» **WHAT THE TASK ASKS**: Using the records that appear below, write out exactly the lines from the one with "Get the free" through the one with "Ett set med", keeping both end lines.
(EXTRACTED RECORDS)
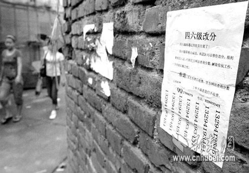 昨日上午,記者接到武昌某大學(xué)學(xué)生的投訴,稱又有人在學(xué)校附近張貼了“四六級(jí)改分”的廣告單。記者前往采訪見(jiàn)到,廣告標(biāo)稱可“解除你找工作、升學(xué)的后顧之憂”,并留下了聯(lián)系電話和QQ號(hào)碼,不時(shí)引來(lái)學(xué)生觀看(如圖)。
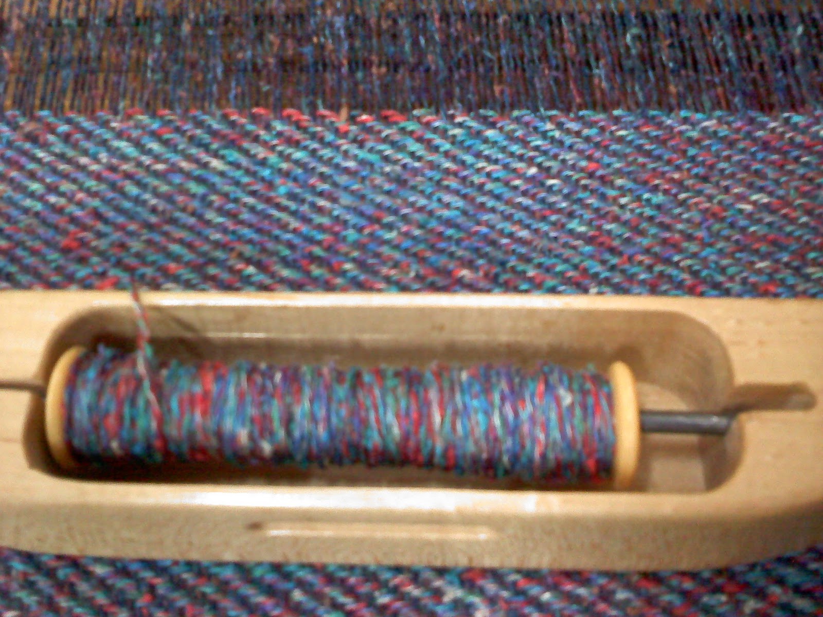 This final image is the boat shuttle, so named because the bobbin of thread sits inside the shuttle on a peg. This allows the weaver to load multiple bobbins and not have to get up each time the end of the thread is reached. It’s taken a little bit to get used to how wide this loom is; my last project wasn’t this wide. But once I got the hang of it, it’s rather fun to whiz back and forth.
(End EXTRACTED RECORDS)
(EXTRACTED RECORDS)
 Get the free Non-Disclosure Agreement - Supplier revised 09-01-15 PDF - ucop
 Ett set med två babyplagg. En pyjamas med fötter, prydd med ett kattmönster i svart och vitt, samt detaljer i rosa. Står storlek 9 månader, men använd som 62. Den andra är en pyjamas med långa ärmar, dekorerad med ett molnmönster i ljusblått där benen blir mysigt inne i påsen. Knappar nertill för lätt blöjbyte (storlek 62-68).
(End EXTRACTED RECORDS)
(EXTRACTED RECORDS)
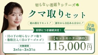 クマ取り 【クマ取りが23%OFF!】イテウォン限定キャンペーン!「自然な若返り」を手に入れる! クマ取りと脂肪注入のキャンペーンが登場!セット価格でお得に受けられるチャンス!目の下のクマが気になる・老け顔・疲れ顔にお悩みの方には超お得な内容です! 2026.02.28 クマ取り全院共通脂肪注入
(End EXTRACTED RECORDS)
» **TASK SOLUTION**:
 Get the free Non-Disclosure Agreement - Supplier revised 09-01-15 PDF - ucop
 Ett set med två babyplagg. En pyjamas med fötter, prydd med ett kattmönster i svart och vitt, samt detaljer i rosa. Står storlek 9 månader, men använd som 62. Den andra är en pyjamas med långa ärmar, dekorerad med ett molnmönster i ljusblått där benen blir mysigt inne i påsen. Knappar nertill för lätt blöjbyte (storlek 62-68).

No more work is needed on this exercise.